== DATA EXTRACT ==
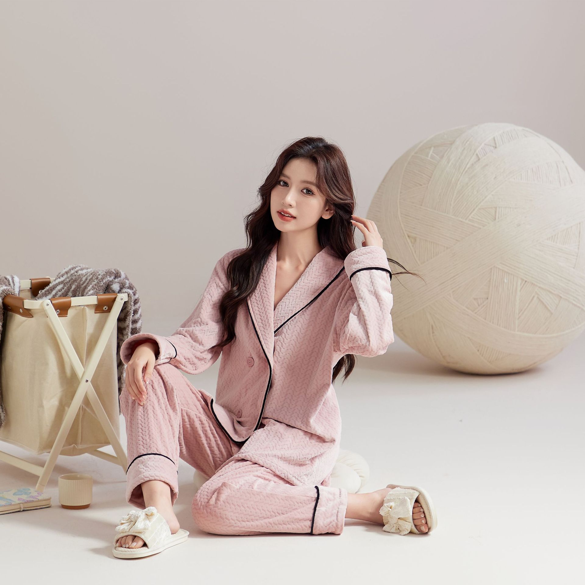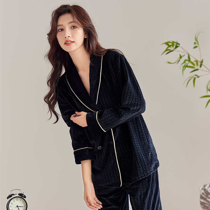 [겨울 약속] 섬벨벳 커플 잠옷 여성 겨울 세트 기모 심플한 고급 홈옷 남성스토어 가기
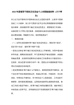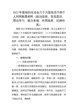 2022年度组织生活会六个方面党员干部个人对照检查材料(政治信仰、党员意识、理论学习、能力本领、作用发挥、纪律作风)
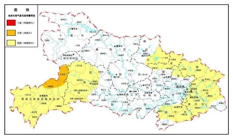 2020年7月4日20时-7月5日20时,预计三峡库区、恩施地区、黄冈地区、鄂州市、黄石地区,宜昌(宜昌市城区、远安西部、长阳、五峰)、随州(曾都区、广水)、孝感(安陆、孝昌、大悟)、武汉(黄陂北部、新洲东北部)、咸宁(咸安区、嘉鱼南部、赤壁、崇阳、通山)以及其他暴雨中心发生崩塌、滑坡、泥石流的风险较大(Ⅲ级),请相关地方政府及有关部门做好地质灾害防范工作;其中,三峡库区(巴东北部)、恩施(建始北部)发生崩塌、滑坡、泥石流的风险大(Ⅱ级),请相关地方政府及有关部门加强地质灾害防范,做好应急准备工作。
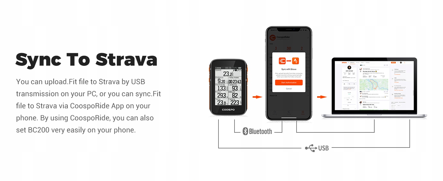 ✅Синхронізувати зі Strava – ви можете використовувати як основний файл. Підігнати до Strava, вимкнувши USB на комп’ютері, або ви можете синхронізувати файл Fit. до Strava через програму CoospoRide на телефоні через Bluetooth. За допомогою програми CoospoRide ви також можете швидко ввімкнути велокомп’ютер CooSpo BC200/BC107/BC26, яким я користуюся.
===
● ACTION ITEM
Word for word, retype the lines from the one with "2020年7月4日20时-7" through the final line of the data, both included. No pictures belong in the copy.

● SOLUTION FOR THIS PROBLEM
 2020年7月4日20时-7月5日20时,预计三峡库区、恩施地区、黄冈地区、鄂州市、黄石地区,宜昌(宜昌市城区、远安西部、长阳、五峰)、随州(曾都区、广水)、孝感(安陆、孝昌、大悟)、武汉(黄陂北部、新洲东北部)、咸宁(咸安区、嘉鱼南部、赤壁、崇阳、通山)以及其他暴雨中心发生崩塌、滑坡、泥石流的风险较大(Ⅲ级),请相关地方政府及有关部门做好地质灾害防范工作;其中,三峡库区(巴东北部)、恩施(建始北部)发生崩塌、滑坡、泥石流的风险大(Ⅱ级),请相关地方政府及有关部门加强地质灾害防范,做好应急准备工作。
 ✅Синхронізувати зі Strava – ви можете використовувати як основний файл. Підігнати до Strava, вимкнувши USB на комп’ютері, або ви можете синхронізувати файл Fit. до Strava через програму CoospoRide на телефоні через Bluetooth. За допомогою програми CoospoRide ви також можете швидко ввімкнути велокомп’ютер CooSpo BC200/BC107/BC26, яким я користуюся.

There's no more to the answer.